Given that qualitative research relies heavily on human interactions, ethical considerations are often more nuanced and sensitive compared to quantitative research. In this study, ethical issues were carefully observed across three dimensions: subjects, researchers, and social obligations. The research protocol was approved by the Research Ethics Committee of Isfahan University, and the study adhered to the ethics code IR.UI.REC.1402.140.

Findings

In this study, semi-structured interviews were conducted with 25 individuals aged 60 years and older, comprising both men and women. The participants'education levels ranged from illiterate to university education. Regarding living arrangements, the study subjects were categorized into four groups: living alone, living with a spouse, living with a spouse and children, and living with children. Tables 1 and 2 illustrates the characteristics of the respondents.

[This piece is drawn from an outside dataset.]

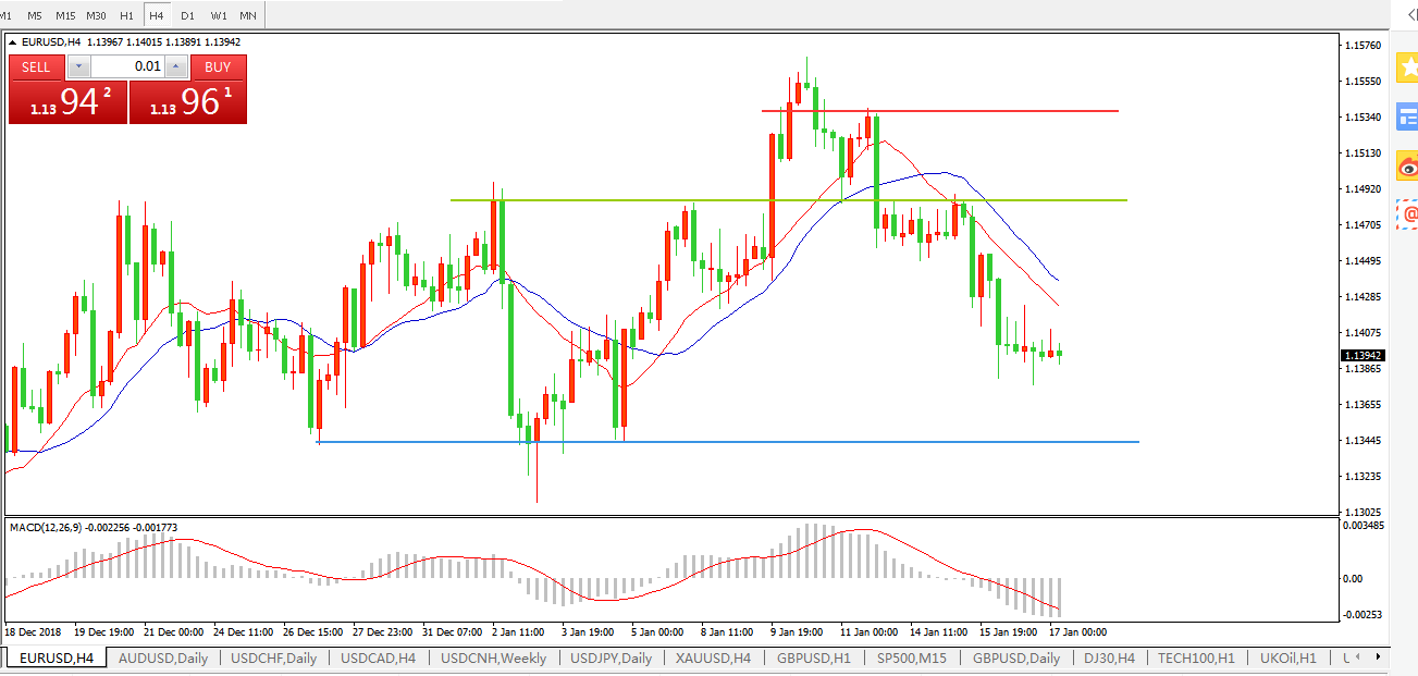 欧元兑美元EURUSD  4小时:

Table 1 Characteristics of participants in the research
Table 2 Concepts and categories extracted from the interviews

Interviews were conducted in person with individuals, each lasting approximately 30 to 45 min. Permission was obtained from the interviewees to record the sessions, which were then transcribed. The text from these interviews underwent analysis through three levels of coding: open, axial, and selective, facilitated by the use of MAXQDA2020 software.

During the initial stage of open coding, the data was categorized into main coding and conceptual classes. Following this, axial coding was employed, organizing the data around a central phenomenon, with classes focusing on causal conditions, interventional and contextual conditions, strategy, and consequence. Finally, selective coding was utilized to connect the classes of the model.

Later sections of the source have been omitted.